VILNIUS - Russian President Vladimir Putin's threats to use nuclear weapons now resemble North Korea's similar behavior, Lithuanian Prime Minister Ingrida Simonyte, currently in Japan, says.
In a statement issued on Friday, the Lithuanian prime minister stressed that Japan, which is situated not far from North Korea, is constantly watching how its representatives "from time to time allow themselves to go out and brandish nuclear weapons".
"Clearly, this is very similar to Putin's threats. Obviously, Japan takes this threat very seriously. It's certainly a matter of great concern and apprehension since it's one of the countries that have survived a nuclear tragedy," Simonyte said.

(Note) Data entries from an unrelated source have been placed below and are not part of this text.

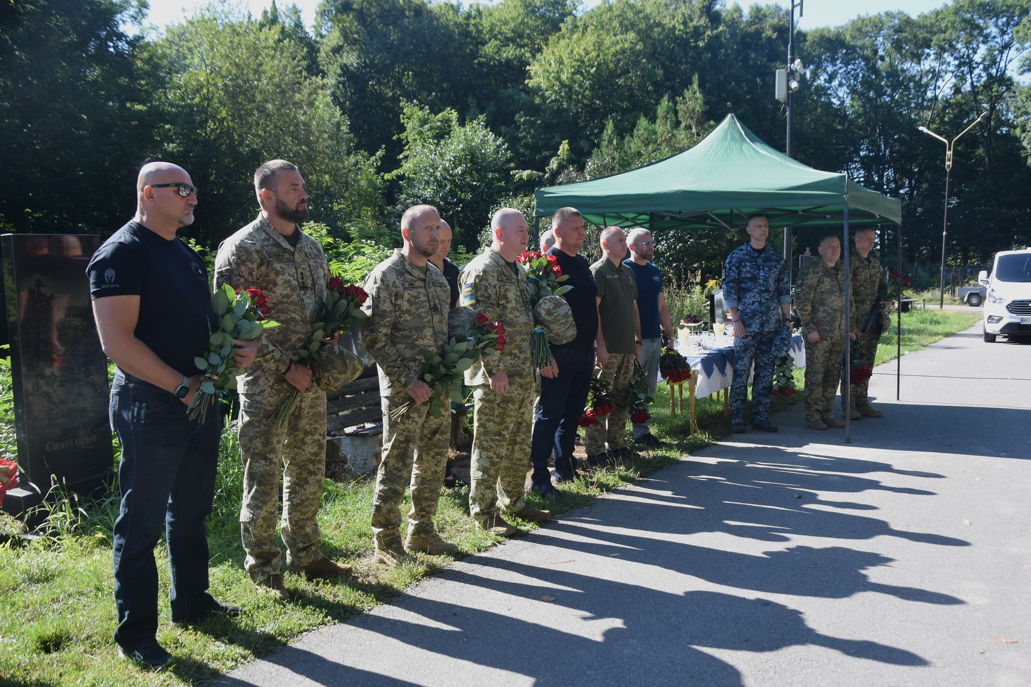 До могили Героя України Євгенія Пікуса прибули голова ДПСУ Сергій Дейнеко, начальник Південного регіонального управління Юрій Петрів, командир 3-го прикордонного загону імені Пікуса Сергій Лозінський, представники академії ДПСУ, бойові побратими, рідні та друзі воїна.
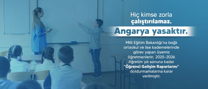 Bu gerekçeler doğrultusunda Türk Eğitim Sen Genel Merkezi olarak, öğretmenlerimizin üzerindeki gereksiz kırtasiyecilik ve angarya iş yükünün kaldırılması, hukuka aykırı uygulamanın sonlandırılması amacıyla; Milli Eğitim Bakanlığı’na bağlı ortaokul ve lise kademelerinde görev yapan üyemiz öğretmenlerin, 2025-2026 öğretim yılı sonuna kadar “Öğrenci Gelişim Raporlarını” doldurmamalarına karar verilmiştir.
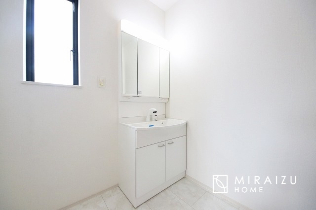洗濯機置き場、脱衣スペースもしっかりと確保されている洗面室。 水回りが集結した間取りなので、お料理やお洗濯物、お掃除の同時進行も可能です。
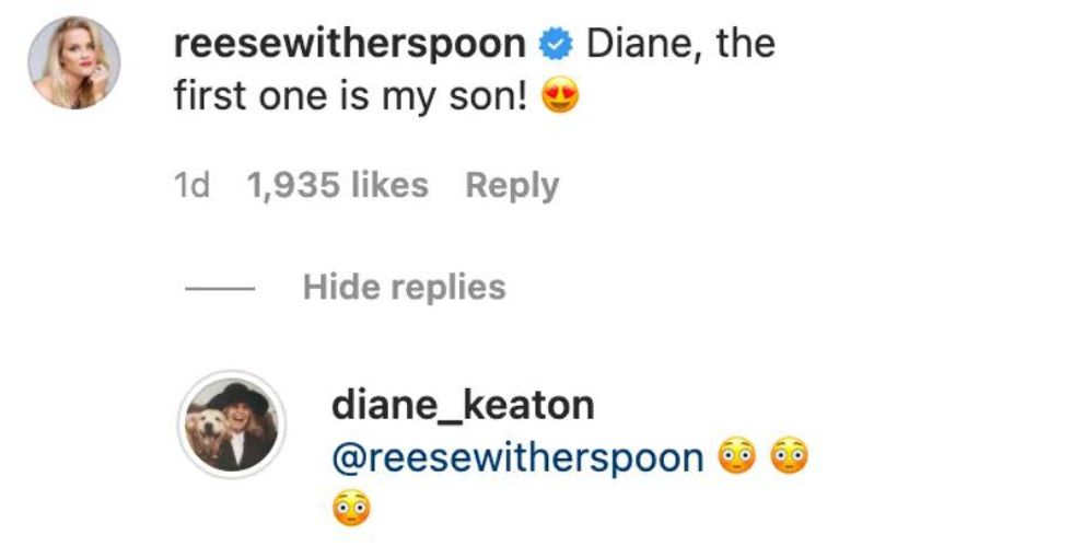 Actress Diane Keaton, known for her peculiar personality and iconic fashion, made an Instagram post about "MALE BEAUTY!!!" where she mistook Reese Witherspoon and ex Ryan Phillippe's 18-year-old son for a young Leonardo DiCaprio.

"Clearly, the global effort aimed at stopping the madmen who even think they can talk about using nuclear weapons, must be more focused than ever," the Lithuanian prime minister said.

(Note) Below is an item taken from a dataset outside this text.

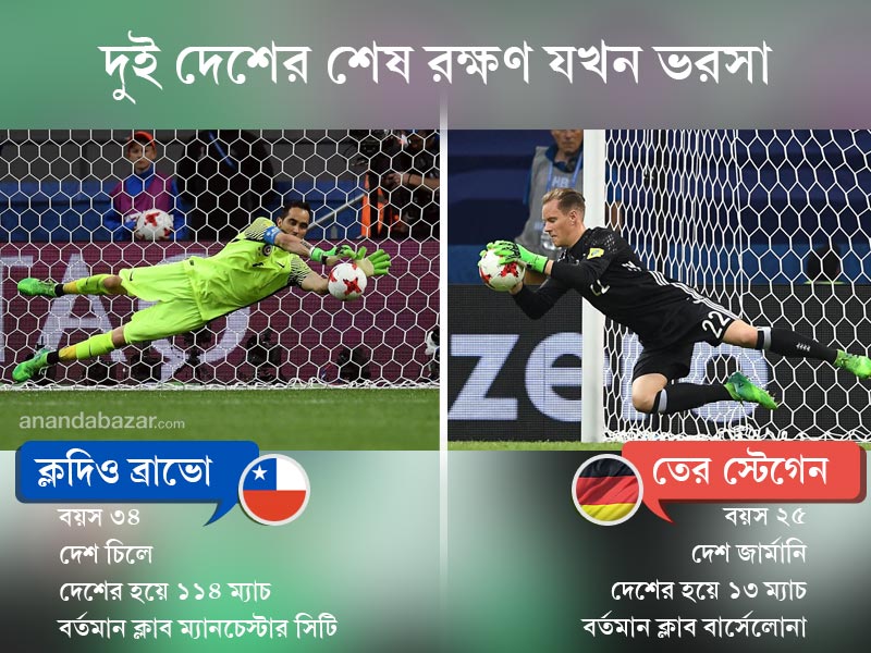 চিলের সঙ্গে রয়েছে ২০১৫, ২০১৬ পর পর দু’বার কোপা আমেরিকা চ্যাম্পিয়ন হওয়ার গর্ব। দু’বারই পেনাল্টি শুট আউটেই বাজিমাত করেছিল চিলে। এ বারও কনফেড কাপে সেই টাইব্রেকারেই পর্তুগালকে উড়িয়ে ফাইনালে পৌঁছেছে চিলে। আর গোলের নিচে যখন ব্রাভো তখন চিলে চাইবে ম্যাচটাকে টাইব্রেকারেই নিয়ে যেতে। আর এই আশঙ্কাতেই ভুগছে জার্মানি দল। এমন কী ক্লদিও ব্রাভোর প্রশংসাও শোনা গিয়েছে লো-র গলায়। তিনি বলেন, ‘‘ক্লদিও ব্রাভো হল আসল পেনাল্টি কিলার। আমাদেরও পেনাল্টি কিক নেওয়ার জন্য ফুটবলার রয়েছে। আমরা ওই পর্যন্ত যাতে ম্যাচ না যায় সেই চেষ্টাই করব কিন্তু যদি হয় তা হলে ভয় পাওয়ার কিছু নেই।’’ ব্রাভো যেখানে পর্তুগালের তিনটি পেনাল্টি শট বাঁচিয়ে হিরো হয়েছেন তখন অন্য সেমিফাইনালে স্টেগেনের হাতে আটকে গিয়েছে মেক্সিকোর একাধিক নিশ্চিত গোলমুখি শট। জার্মানির জয়ে বড় ভূমিকা রেখে গিয়েছেন তিনিও।

Simonyte said she heard Japanese politicians and business people's support for Ukraine in its fight against the Russian invasion as they understand that "one cannot surrender to autocratic regimes, and democracies must unite to support Ukraine".

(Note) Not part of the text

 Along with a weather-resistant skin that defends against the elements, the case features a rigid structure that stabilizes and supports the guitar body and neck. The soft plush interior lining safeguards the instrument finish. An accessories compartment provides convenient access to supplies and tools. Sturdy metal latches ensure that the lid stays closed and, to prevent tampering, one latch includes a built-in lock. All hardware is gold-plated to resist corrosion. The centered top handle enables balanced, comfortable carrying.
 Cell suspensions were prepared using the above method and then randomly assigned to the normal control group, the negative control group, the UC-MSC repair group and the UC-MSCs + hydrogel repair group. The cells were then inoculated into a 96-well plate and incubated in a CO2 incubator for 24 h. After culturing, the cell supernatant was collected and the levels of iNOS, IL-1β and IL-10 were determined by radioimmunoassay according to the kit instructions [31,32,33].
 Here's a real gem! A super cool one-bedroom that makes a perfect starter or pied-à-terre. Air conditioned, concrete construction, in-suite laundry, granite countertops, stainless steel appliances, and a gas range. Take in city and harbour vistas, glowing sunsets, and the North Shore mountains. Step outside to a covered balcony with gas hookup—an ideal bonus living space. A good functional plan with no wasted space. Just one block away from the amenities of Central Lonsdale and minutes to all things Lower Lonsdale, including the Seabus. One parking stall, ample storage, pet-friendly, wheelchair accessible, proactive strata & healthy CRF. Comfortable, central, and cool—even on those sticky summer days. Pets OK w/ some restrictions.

Putin has made numerous threats to use nuclear weapons ever since he started the invasion of Ukraine in late February. Most recently, he has accused Kyiv of allegedly preparing to use a "dirty bomb".
These statements have raised concern within the international community that Russia may try to use this statement as a pretext to escalate the situation.
Kyiv suspects that Russia itself may use a "dirty bomb" and blame it on the Ukrainians to justify the use of conventional nuclear weapons after Moscow has recently suffered several military defeats in southern and eastern Ukraine.
Meanwhile, nuclear-armed Pyongyang is a constant source of concern for its neighbors and the international community because of its ballistic missile launches.